### Provided data
###
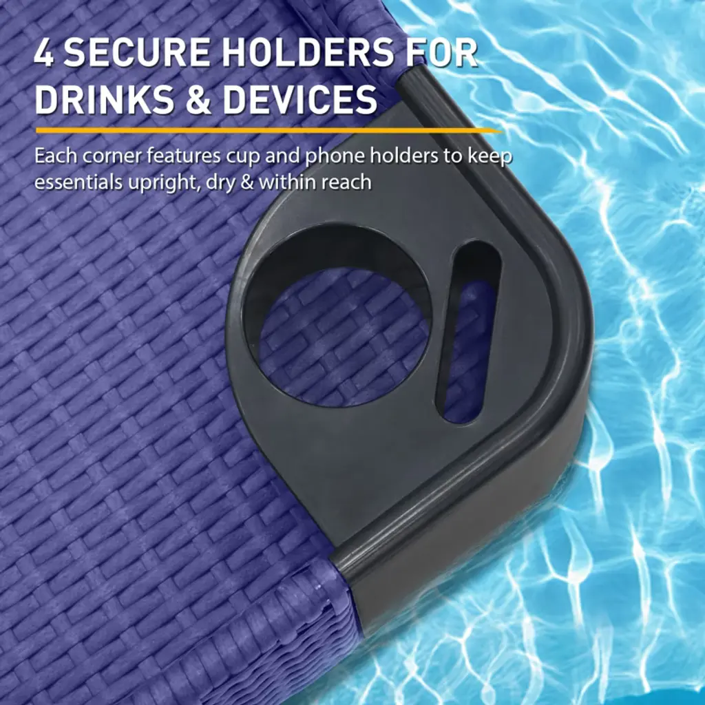 The EAGLE PEAK floating pool tray features a rust-proof aluminum frame, ensuring durability and long-lasting performance. It is made from high-quality, eco-friendly materials and uses custom foam filling technology, offering a sturdy and fade-resistant design. Unlike traditional inflatable trays, it provides stable support, even for heavier items, and maintains excellent balance on water. With its waterproof construction, the tray can be used reliably over time. Measuring 35.4 x 23.6 x 6.5 inches, it offers ample space for drinks and snacks, making it ideal for pool or lake gatherings.
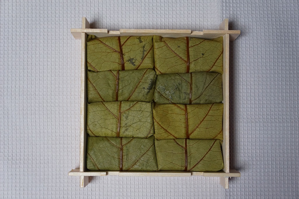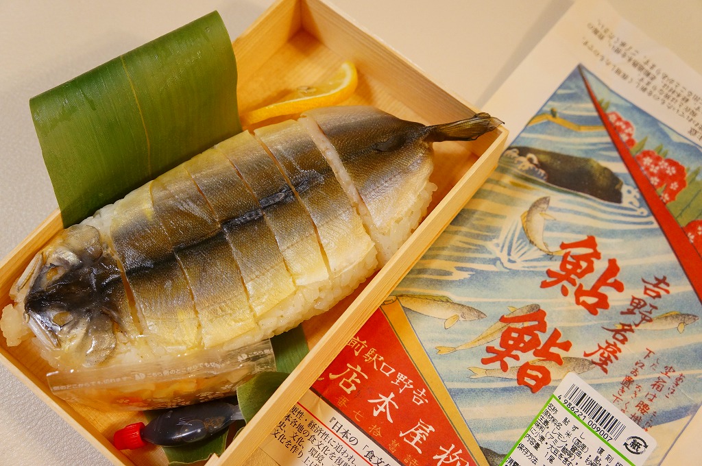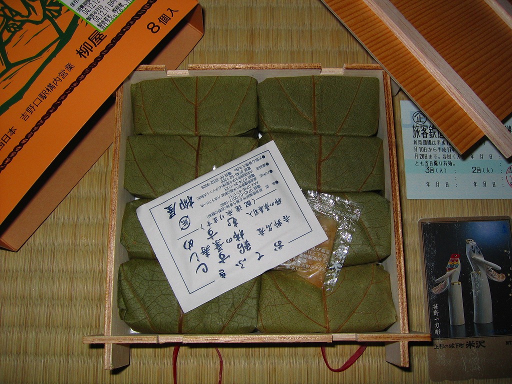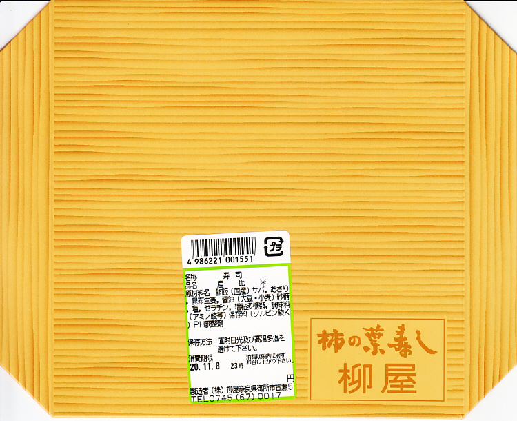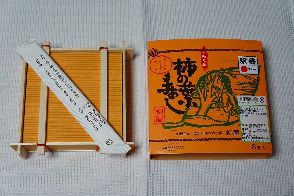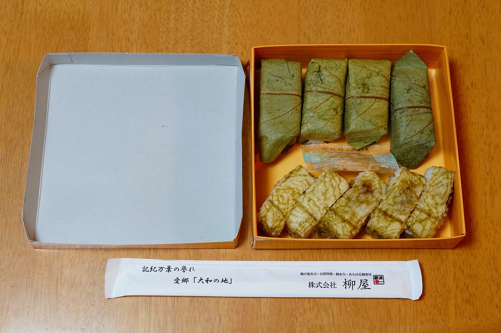 商品としても駅弁としても、奈良や和歌山を中心に各地で買える柿の葉寿司のうち、これが駅弁としての大将格であった。甘酢で締めた一口サイズの、鯖や鮭の押し寿司を柿の葉に包み、長方形の容器に8個詰める。地域や調製元の個性が出ない内容ではあるものの、柿の葉寿司は幕の内弁当と異なり、立てても裏返しても中身が崩れないので、持ち運びや車内販売で重宝した。2004年度のJR西日本の駅弁キャンペーン「駅弁の達人」の対象駅弁。
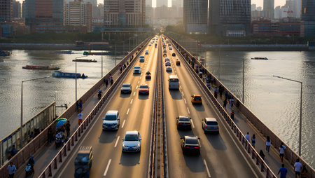 A busy highway bridge carrying traffic over water with a city skyline at sunset. Clear details an...
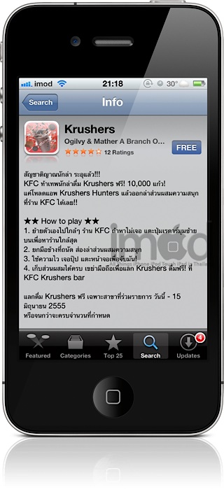ดาวน์โหลดได้ที่ App Store โดยค้นหาด้วยคำว่า Krushers Hunters รายละเอียดเพิ่มเติมดูได้ที่ www.krushershunters.com และเล่นได้ถึง 15 มิ.ย. 2555 หรือจนกว่าของจะหมดนะครับ หากใครอยากเล่นสามารถเช็คสาขาที่ร่วมรายการได้ที่นี่
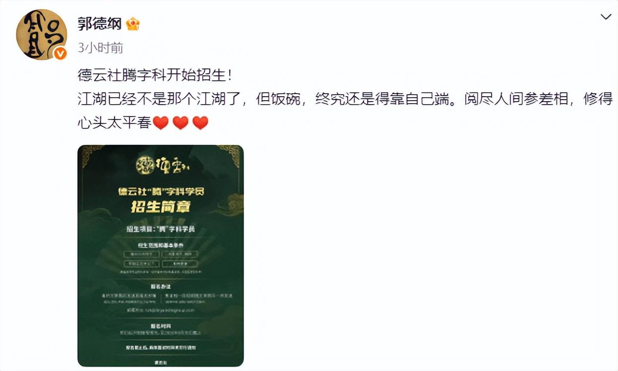 搜狐娛樂訊 19日,郭德綱在社交平臺上發文宣佈德雲社騰字科開始招生,他表示:“江湖已經不是那個江湖了,但飯碗,終究還是得靠自己端。閱盡人間參差相,修得心頭太平春。”據瞭解,德雲社騰字科的招生範圍和基本條件有:年齡25歲以下,身體健康,熱愛曲藝相聲。
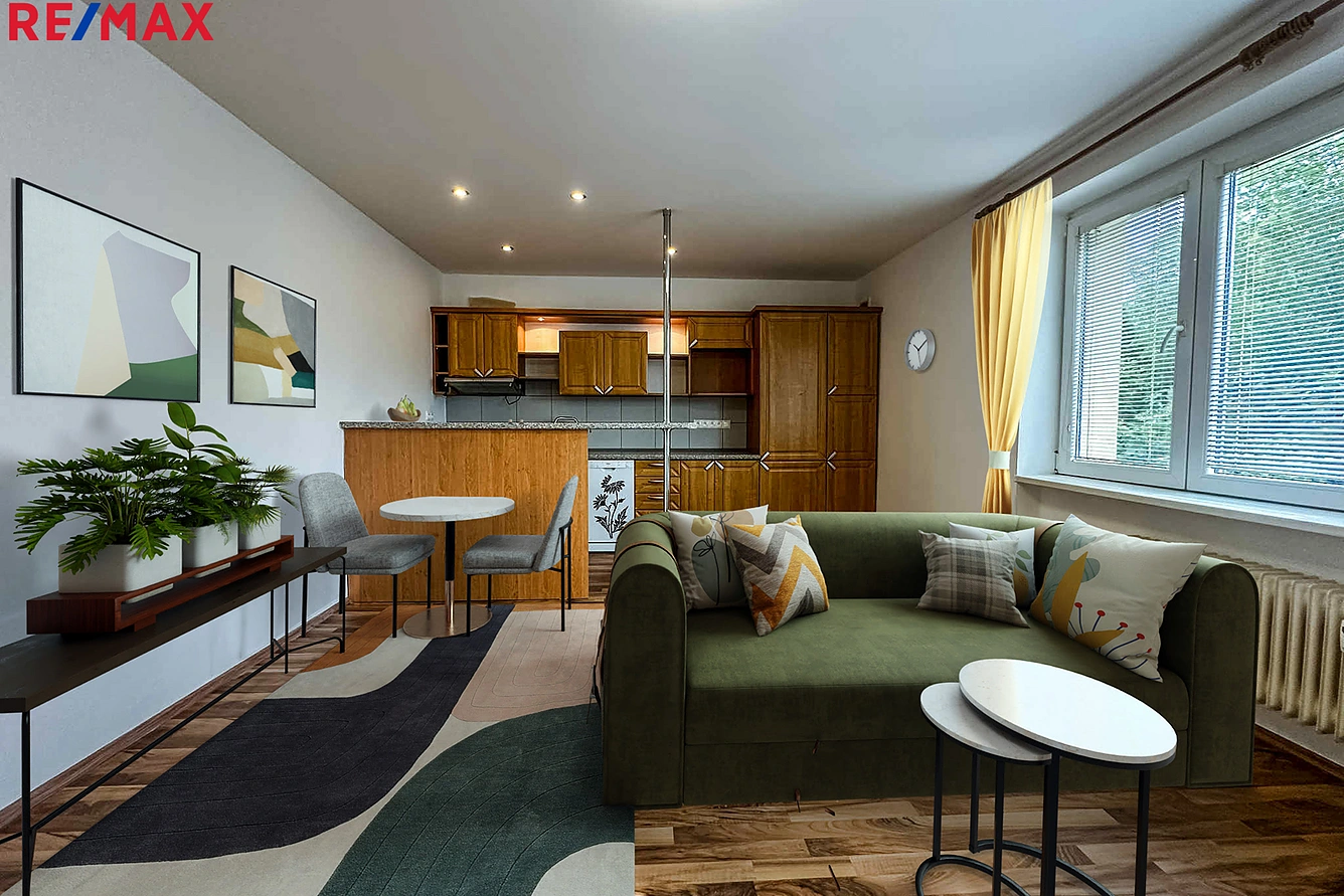 Dispozice bytu: prostorná vstupní chodba s vestavěnou skříní, koupelna s WC, ložnice a obývací pokoj s vybaveným kuchyňským koutem. K bytu náleží sklepní kóje.
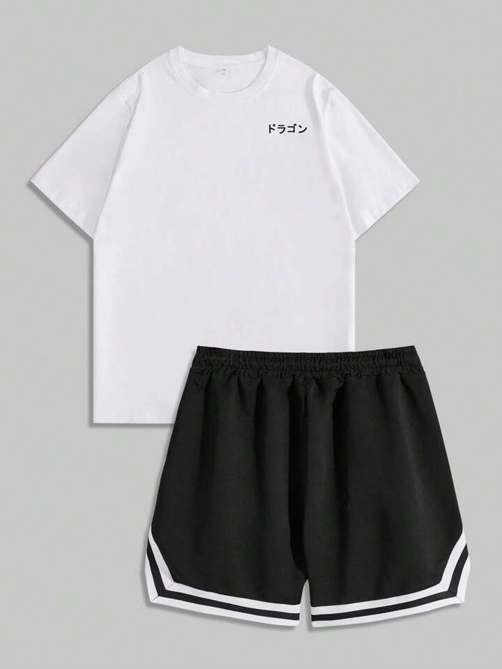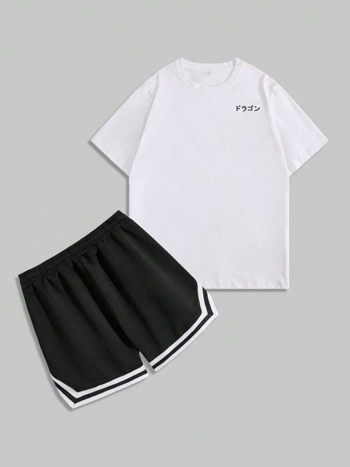 Anime Fashion Dragon Sports 2-Piece Outfit T-Shirt & Shorts Set For Men
###
### Exercise objective
What do the entries above read from the line containing "A busy highway" through the line containing "Dispozice bytu: prostorná"? Output those lines exactly, both ends included, with the pictures left out.

### Result of the exercise
 A busy highway bridge carrying traffic over water with a city skyline at sunset. Clear details an...
ดาวน์โหลดได้ที่ App Store โดยค้นหาด้วยคำว่า Krushers Hunters รายละเอียดเพิ่มเติมดูได้ที่ www.krushershunters.com และเล่นได้ถึง 15 มิ.ย. 2555 หรือจนกว่าของจะหมดนะครับ หากใครอยากเล่นสามารถเช็คสาขาที่ร่วมรายการได้ที่นี่
 搜狐娛樂訊 19日,郭德綱在社交平臺上發文宣佈德雲社騰字科開始招生,他表示:“江湖已經不是那個江湖了,但飯碗,終究還是得靠自己端。閱盡人間參差相,修得心頭太平春。”據瞭解,德雲社騰字科的招生範圍和基本條件有:年齡25歲以下,身體健康,熱愛曲藝相聲。
 Dispozice bytu: prostorná vstupní chodba s vestavěnou skříní, koupelna s WC, ložnice a obývací pokoj s vybaveným kuchyňským koutem. K bytu náleží sklepní kóje.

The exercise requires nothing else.